Having accessed to the hyperparameters values, we can perform whatever learning algorithm one prefers and 
evaluate the associated training score, that will be used as _objective value_ to finish the _trial_ instance.
This is done with a new GET request referring to the same optimization session (again, `'optunapi-test'` in the path) 
and passing `TRIAL_ID` and `SCORE` as query parameters:

```Python
import requests

HOST = 'http://127.0.0.1:8000'

send_score = requests.get (HOST + '/optunapi/score/optunapi-test?trial_id=TRIAL_ID&score=SCORE')
score_req  = send_score.json()

BEST_TRIAL_ID = score_req ['best_score_id']
BEST_PARAMS   = score_req [ 'best_params' ]
```

Each running client allows to refine the search for minima performed by the Optuna algorithms, focusing 
on smaller and smaller space portion and enhancing the mapping of the hyperparameters space.

## Securing HTTP requests

OptunAPI is designed to be used within a VPN not directly opened to the public Internet.

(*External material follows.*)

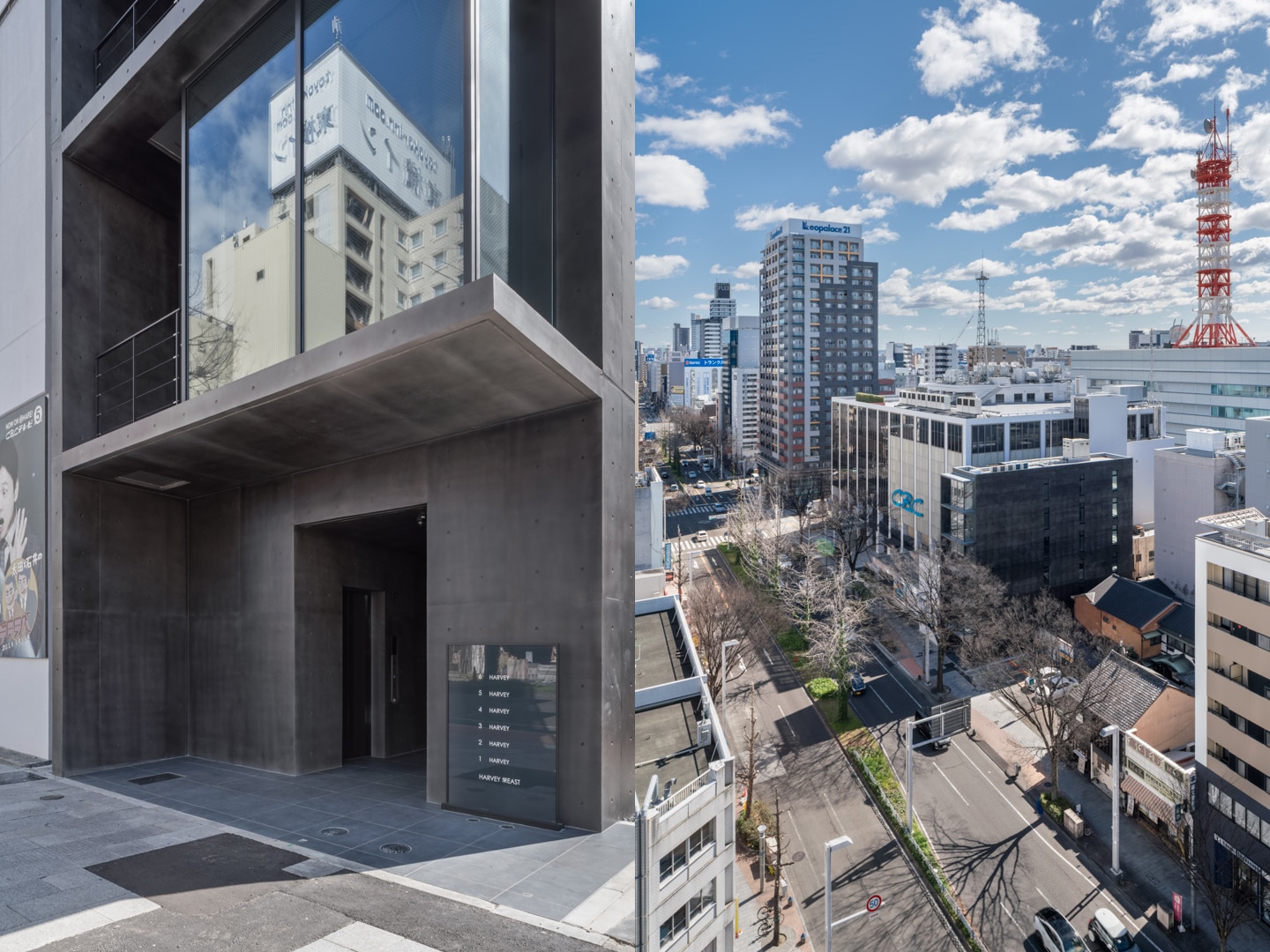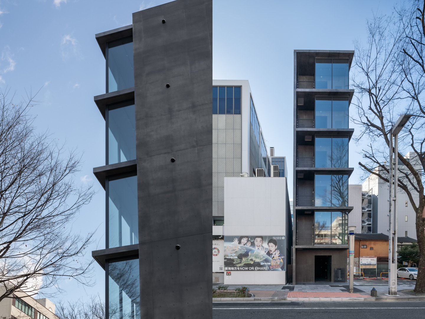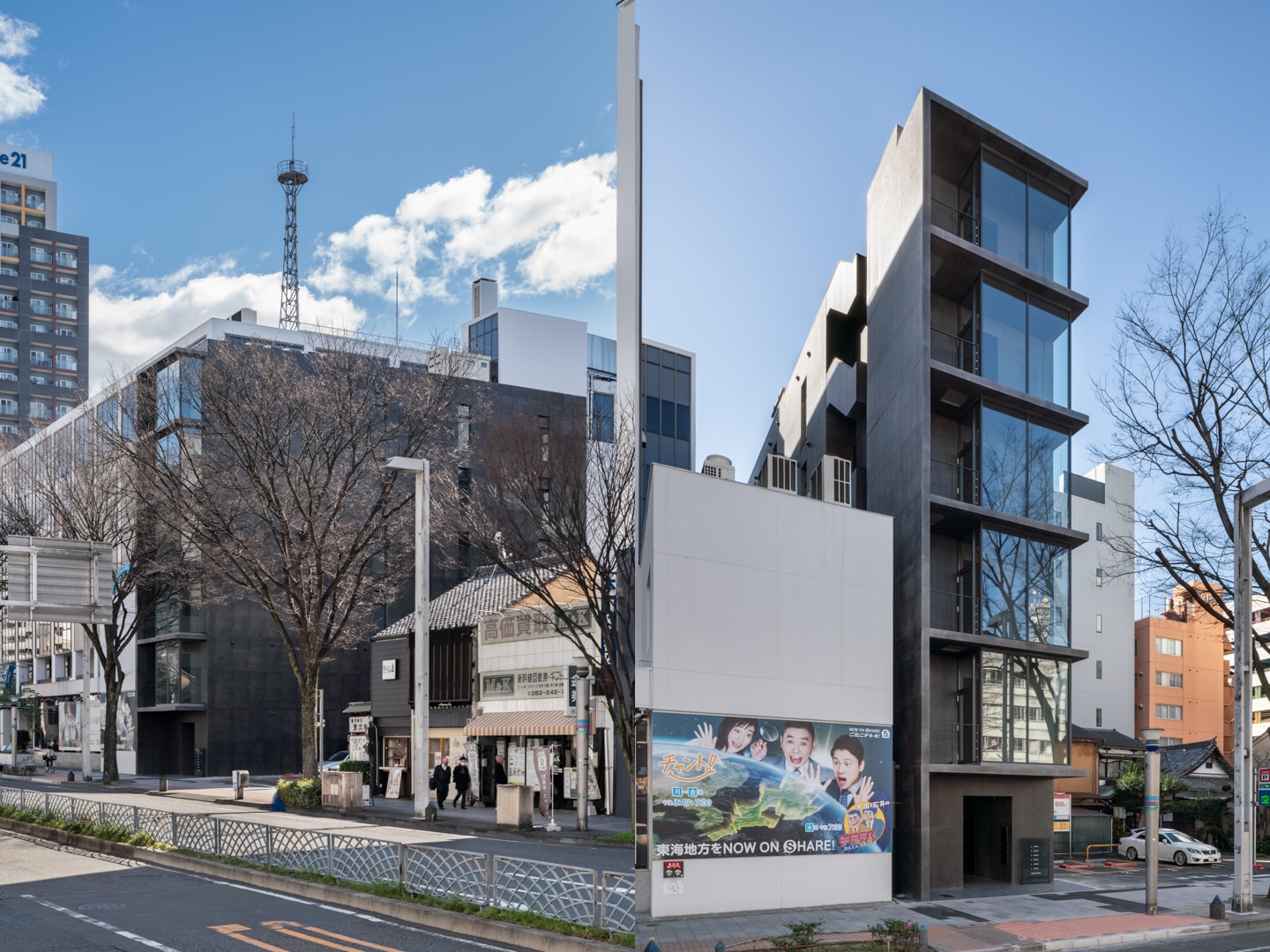 広小路通に面する敷地北側約6.5メートル間口に対し、1/3を避難上有効なバルコニー、残りを庇付きカーテンウォールで構成したファサードとし、内部から街路樹を立体的に楽しめる計画とした。さらにカーテンウォールは繁華街である栄地区方面へ回り込むように配置し、内部からの眺望の獲得と共に歩行者に対するテナントの視認性を高めるショーケースのような建築とした。夕景ではスポットライトにより照らされたショーケースが、街の賑わいに彩を加える。

On the other hand, 
opening the Optuna-server to Internet allows to exploit easily a wide variety of computing resources, from 
on-premises machines to instances deriving from different cloud computing services (AWS, Azure, GCP, etc.).
Such design raises a security issue since anyone can submit a request to the server or catch its response, 
opening the system to cyberattack.

A possible solution to this issue relies on the SSH protocol. The idea is to set up the Optuna-server
as a _private server_ (from the perspective of `REMOTE SERVER`) not directly visible from the outside 
(`LOCAL CLIENT`’s perspective). This configuration, schematically represented in the sketch below, 
allows a _local client_ to still access the _private server_ passing through the _remote server_ 
authenticating with SSH credentials. 

```
    ----------------------------------------------------------------------

                                |
    -------------+              |    +----------+               +---------
        LOCAL    |              |    |  REMOTE  |               | PRIVATE
        CLIENT   | <== SSH ========> |  SERVER  | <== local ==> | SERVER
    -------------+              |    +----------+               +---------
                                |
                             FIREWALL (only port 22 is open)

    ----------------------------------------------------------------------
```

OptunAPI provides a very simple implementation of this scheme: 
[`optunapi/tests/secured_client.py`](https://github.com/mbarbetti/optunapi/blob/main/tests/secured_client.py).
It is based on [sshtunnel](https://github.com/pahaz/sshtunnel/) and allows to submit a HTTP request to the
_private server_ after having specifying our SSH credentials (`ssh_username`, `ssh_pkey`).

```Python
import sshtunnel
import requests

with sshtunnel.open_tunnel (
  (REMOTE_SERVER_IP, 22),
  ssh_username = 'mbarbetti',
  ssh_pkey = '/home/mbarbetti/.ssh/id_rsa',
  remote_bind_address = (PRIVATE_SERVER_IP, PRIVATE_SERVER_PORT),
  local_bind_address  = ('127.0.0.1', 10022)
) as tunnel:
  ping_server = requests.get ('http://localhost:10022/optunapi/ping')
  ping_msg = ping_server.json()
  print (ping_msg)
```

<details markdown="1">
<summary>How to run the server in this case?</summary>

In this configuration the Optuna-server acts as _private server_, 
then its IP and port are the ones declared within the `with` statement:

```
$ uvicorn server:optunapi --host PRIVATE_SERVER_IP --port PRIVATE_SERVER_PORT
```
</details>

## License

This project is licensed under the terms of the MIT license.